[Task description] Write the data out again exactly, with every picture removed.

==== Excerpted data

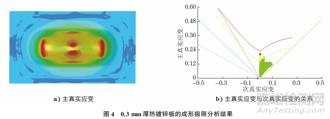 將表1中0.3mm厚熱鍍鋅板的力學(xué)性能代入有限元仿真模型進(jìn)行計算,可以得到?jīng)_壓后材料的成形極限應(yīng)變?yōu)?.204。采用GB/T 24171.2—2009《金屬材料 薄板和薄帶 成形極限曲線的測定 第2部分:實驗室成形極限曲線的測定》,利用成形試驗機(jī)進(jìn)行成形極限測定和理論計算,結(jié)果如圖4所示,材料的成形極限分別為0.24和0.23,處于材料成形極限的安全范圍內(nèi),可以滿足零件沖壓成形的要求。
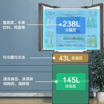美的 玻璃面板 多门冰箱
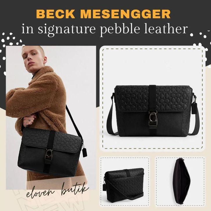 Tas Pria c0ach Beck Messenger in Signature Pebble Leather
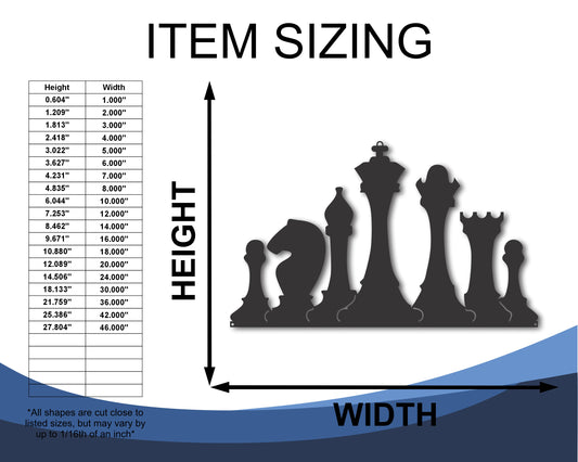 Custom Metal Chess Wall Art | Indoor Outdoor | Up to 46" | 20+ Color Options
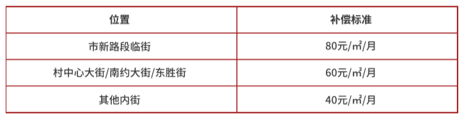 答:在补偿方案表决通过前有营业执照和税务登记且正在营业的住改商商铺,按首层实际营业的建筑面积确定,根据不同位置一次性给予18个月的货币补贴。
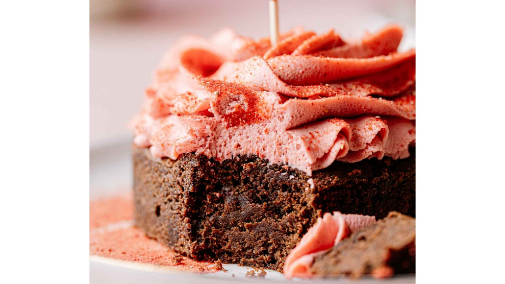 Das Frosting gleichmäßig aufspritzen und etwas Erdbeerpulver darüber sieben.
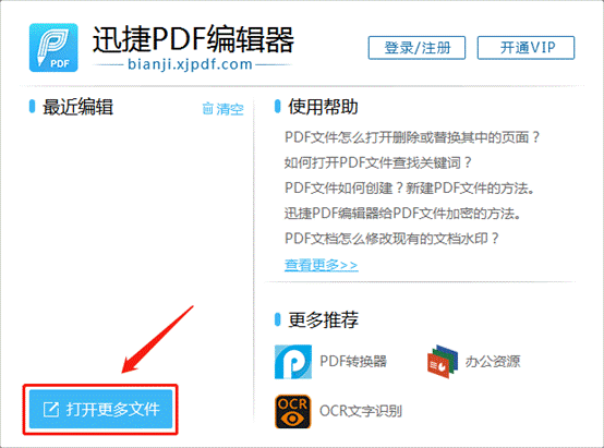第一步:下载、安装好“迅捷PDF编辑器”后,双击运行软件。在打开的软件页面中,点击【打开更多文件】蓝色按钮,把需要添加高亮文本的PDF文件打开。
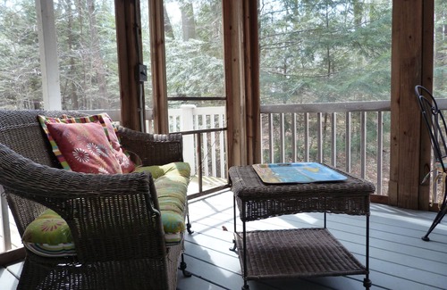 A warm and inviting three bedroom, three bath cottage located on a wooded lot near Lake Michigan. This cottage features a peaceful, quiet setting for retreat, yet has enough space for family reunions and gatherings with friends. The cottage features a fully equipped kitchen on the first floor and laundry facilities. Relax in our outdoor hot tub, read a book on our screened in porch or enjoy family and friends around an outdoor wood fire. In the winter, enjoy time in front of the wood stove after a day of cross country skiing. This home offers a peaceful getaway with all the comforts and amenities of home. This is a great house for entertaining friends and family or enjoying a romantic getaway for two in a beautiful wooded area with easy access to wonderful nearby restaurants and shopping. Access to area Lake Michigan beaches is a short drive away. Stroll through the neighborhood to view beautiful Lake Michigan and enjoy a gorgeous sunset.
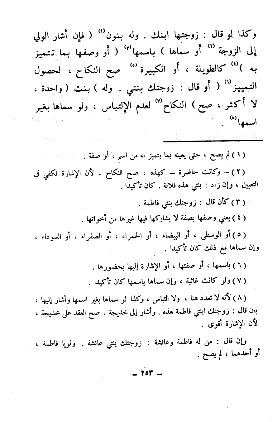 (¬8) لأنه لا تعدد هنا، ولا التباس، وكذا لو سماها بغير اسمها وأشار إليها، بأن قال: زوجتك ابنتى فاطمة هذه. وأشار إلى خديجة، صح العقد على خديجة، لأن الإشارة أقوى.
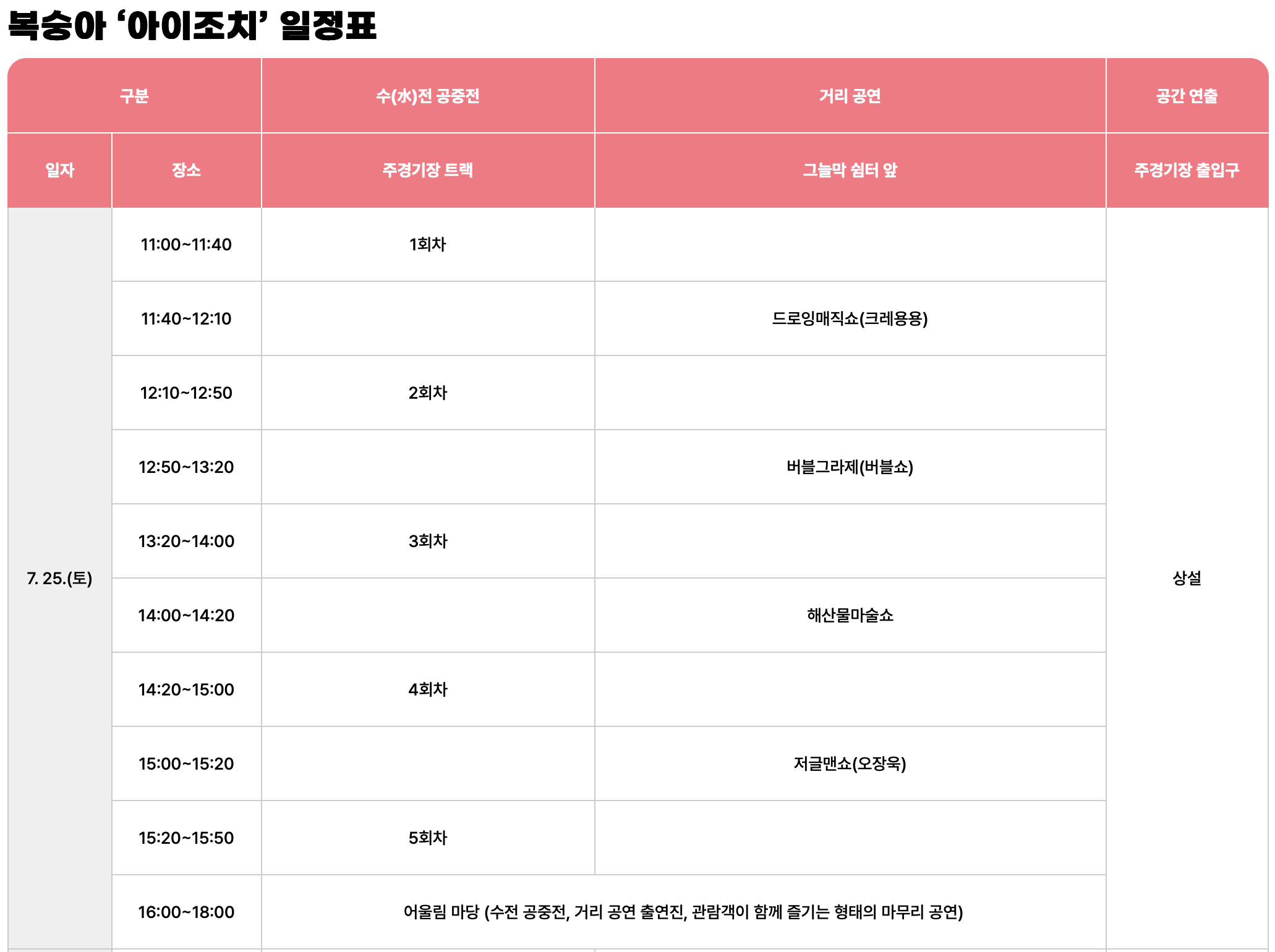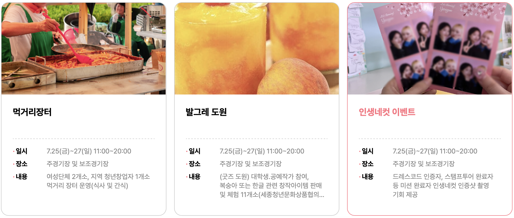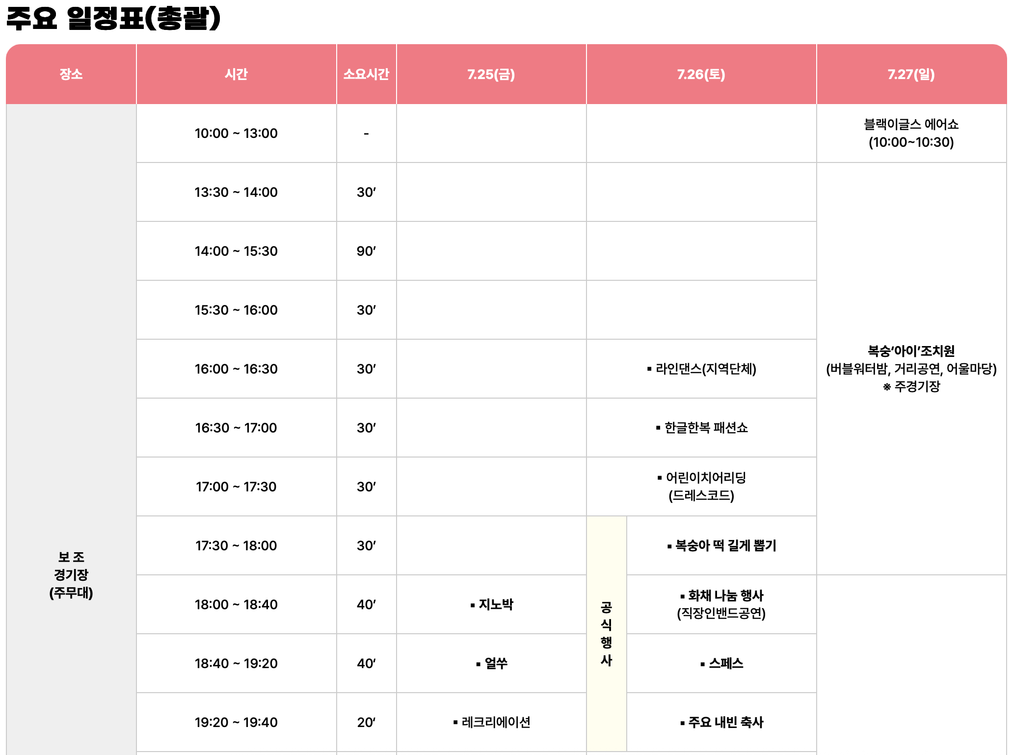 1. 행사 일정 : 2025년 7월 25일(금) ~ 2025년 7월 27일(일)
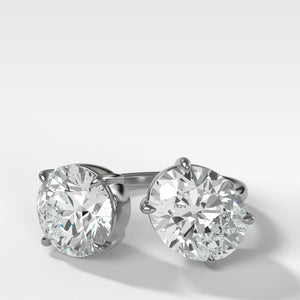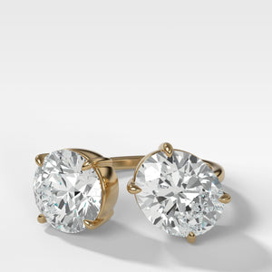 Two diamonds floating on the finger, supported by a gold finger cuff
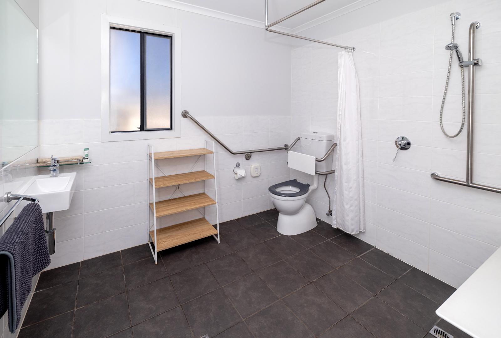 This spacious villa is also perfect for people requiring wheelchair-accessible facilities—it includes wide doorways and a large accessible bathroom with a roll-in shower, stainless steel handrails, and a folding seat in the shower. The villa complies with Australian Standard 1428.1-2009. We have selected dog-friendly cabin options available—please notify us if you are bringing a dog, as additional charges apply.

========

[Answer box]
 將表1中0.3mm厚熱鍍鋅板的力學(xué)性能代入有限元仿真模型進(jìn)行計算,可以得到?jīng)_壓后材料的成形極限應(yīng)變?yōu)?.204。采用GB/T 24171.2—2009《金屬材料 薄板和薄帶 成形極限曲線的測定 第2部分:實驗室成形極限曲線的測定》,利用成形試驗機(jī)進(jìn)行成形極限測定和理論計算,結(jié)果如圖4所示,材料的成形極限分別為0.24和0.23,處于材料成形極限的安全范圍內(nèi),可以滿足零件沖壓成形的要求。
美的 玻璃面板 多门冰箱
 Tas Pria c0ach Beck Messenger in Signature Pebble Leather
 Custom Metal Chess Wall Art | Indoor Outdoor | Up to 46" | 20+ Color Options
 答:在补偿方案表决通过前有营业执照和税务登记且正在营业的住改商商铺,按首层实际营业的建筑面积确定,根据不同位置一次性给予18个月的货币补贴。
 Das Frosting gleichmäßig aufspritzen und etwas Erdbeerpulver darüber sieben.
第一步:下载、安装好“迅捷PDF编辑器”后,双击运行软件。在打开的软件页面中,点击【打开更多文件】蓝色按钮,把需要添加高亮文本的PDF文件打开。
 A warm and inviting three bedroom, three bath cottage located on a wooded lot near Lake Michigan. This cottage features a peaceful, quiet setting for retreat, yet has enough space for family reunions and gatherings with friends. The cottage features a fully equipped kitchen on the first floor and laundry facilities. Relax in our outdoor hot tub, read a book on our screened in porch or enjoy family and friends around an outdoor wood fire. In the winter, enjoy time in front of the wood stove after a day of cross country skiing. This home offers a peaceful getaway with all the comforts and amenities of home. This is a great house for entertaining friends and family or enjoying a romantic getaway for two in a beautiful wooded area with easy access to wonderful nearby restaurants and shopping. Access to area Lake Michigan beaches is a short drive away. Stroll through the neighborhood to view beautiful Lake Michigan and enjoy a gorgeous sunset.
 (¬8) لأنه لا تعدد هنا، ولا التباس، وكذا لو سماها بغير اسمها وأشار إليها، بأن قال: زوجتك ابنتى فاطمة هذه. وأشار إلى خديجة، صح العقد على خديجة، لأن الإشارة أقوى.
 1. 행사 일정 : 2025년 7월 25일(금) ~ 2025년 7월 27일(일)
 Two diamonds floating on the finger, supported by a gold finger cuff
 This spacious villa is also perfect for people requiring wheelchair-accessible facilities—it includes wide doorways and a large accessible bathroom with a roll-in shower, stainless steel handrails, and a folding seat in the shower. The villa complies with Australian Standard 1428.1-2009. We have selected dog-friendly cabin options available—please notify us if you are bringing a dog, as additional charges apply.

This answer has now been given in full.